Un an

24 août 2020. Date symbolique, où après des mois de réflexions et de doutes, d’hésitations sur mes pronoms, de tentatives de style plus ou moins androgynes et d’expérimentations capillaires, j’ai véritablement commencé ma transition. C’est ce jour que, poussée par une force inconnue, j’ai osé aller acheter quelques vêtements féminins à Kiabi, bravant la honte et les regards. C’est avec une blouse verte à fleurs que je poserai timidement en selfie, sur mon balcon. Cette photo sera envoyée, sans aucune phrase de contexte, à quelques ami·es très proches.

Bien entendu, aujourd’hui, l’image prête à sourire.
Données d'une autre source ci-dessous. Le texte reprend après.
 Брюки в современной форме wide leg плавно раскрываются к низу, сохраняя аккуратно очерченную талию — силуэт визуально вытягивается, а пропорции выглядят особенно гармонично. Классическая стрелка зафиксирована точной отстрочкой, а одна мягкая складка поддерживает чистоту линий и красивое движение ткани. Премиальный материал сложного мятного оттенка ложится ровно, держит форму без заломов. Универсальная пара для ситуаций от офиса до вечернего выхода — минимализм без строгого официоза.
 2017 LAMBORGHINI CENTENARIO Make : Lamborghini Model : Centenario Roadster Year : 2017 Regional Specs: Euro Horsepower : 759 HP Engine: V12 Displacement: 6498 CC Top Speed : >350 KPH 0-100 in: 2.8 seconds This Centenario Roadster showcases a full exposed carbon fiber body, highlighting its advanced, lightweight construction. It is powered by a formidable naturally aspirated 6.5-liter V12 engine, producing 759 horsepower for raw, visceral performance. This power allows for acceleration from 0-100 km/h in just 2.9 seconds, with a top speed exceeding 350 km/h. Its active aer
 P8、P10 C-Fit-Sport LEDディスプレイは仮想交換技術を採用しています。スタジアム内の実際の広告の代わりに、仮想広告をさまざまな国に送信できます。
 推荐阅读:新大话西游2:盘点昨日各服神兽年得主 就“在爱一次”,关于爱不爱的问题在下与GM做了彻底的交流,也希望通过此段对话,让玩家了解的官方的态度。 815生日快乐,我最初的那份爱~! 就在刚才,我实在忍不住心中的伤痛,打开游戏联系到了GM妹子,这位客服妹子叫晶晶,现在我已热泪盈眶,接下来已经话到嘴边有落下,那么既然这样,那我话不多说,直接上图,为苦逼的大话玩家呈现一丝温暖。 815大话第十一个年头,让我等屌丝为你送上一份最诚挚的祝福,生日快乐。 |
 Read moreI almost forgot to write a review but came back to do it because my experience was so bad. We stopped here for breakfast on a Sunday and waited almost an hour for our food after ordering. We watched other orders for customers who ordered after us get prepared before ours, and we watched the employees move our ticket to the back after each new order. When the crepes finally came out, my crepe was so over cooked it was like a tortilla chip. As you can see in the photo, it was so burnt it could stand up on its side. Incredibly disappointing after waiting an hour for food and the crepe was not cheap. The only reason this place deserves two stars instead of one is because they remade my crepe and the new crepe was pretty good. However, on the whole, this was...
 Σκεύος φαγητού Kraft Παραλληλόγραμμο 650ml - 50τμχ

Il faut dire que depuis, beaucoup de choses se sont enchaînées. Toutes ces étapes que les femmes trans ne racontent pas forcément : les premières sorties en public, le choix d’un nouveau prénom, les couches de fond de teint pour masquer la barbe honteuse, les coming-out, les trop nombreux rendez-vous médicaux, les prises de sang, les séances de laser, les hormones, les violences, le mégenrage, les galères administratives, les moments passés devant le miroir à se dire qu’on est rien d’autre qu’un monstre difforme, les pulsions suicidaires face à une société qui reconnait à peine notre existence, les remarques fétichisantes et déshumanisantes d’un oncle ou d’un voisin, l’indifférence et le mépris de celles et ceux dont on attendait le soutien…

Et puis durant tout ce parcours, fait de bosses et de creux, il y a eu les rencontres avec des sœurs. Mes semblables, mes amies. Ces visages, ces corps, ces âmes toutes différentes et pourtant mues par une seule énergie. Celles que j’aime tant et qui m’ont permis de m’aimer moi aussi. Mais aussi, toustes celleux qui, de par le simple fait d’exister, savatent allègrement les antiques définitions. Transpédégouines, lesbo-pédales, mes queeros énervé·es, mes amours.

Un an, donc. Voilà un an que ma vie ne fait que commencer. N’importe qui m’ayant connu avant sait à quel point je suis désormais plus libre, plus belle, plus épanouie. Aussi, dites-le, répétez-le à quiconque prétendra le contraire : nous sommes vivantes, nous sommes heureuses, nous continuerons à prendre de la place dans votre champ de vision. Et m’inclure dans ce « nous » est, sûrement, la plus grande fierté de mon existence.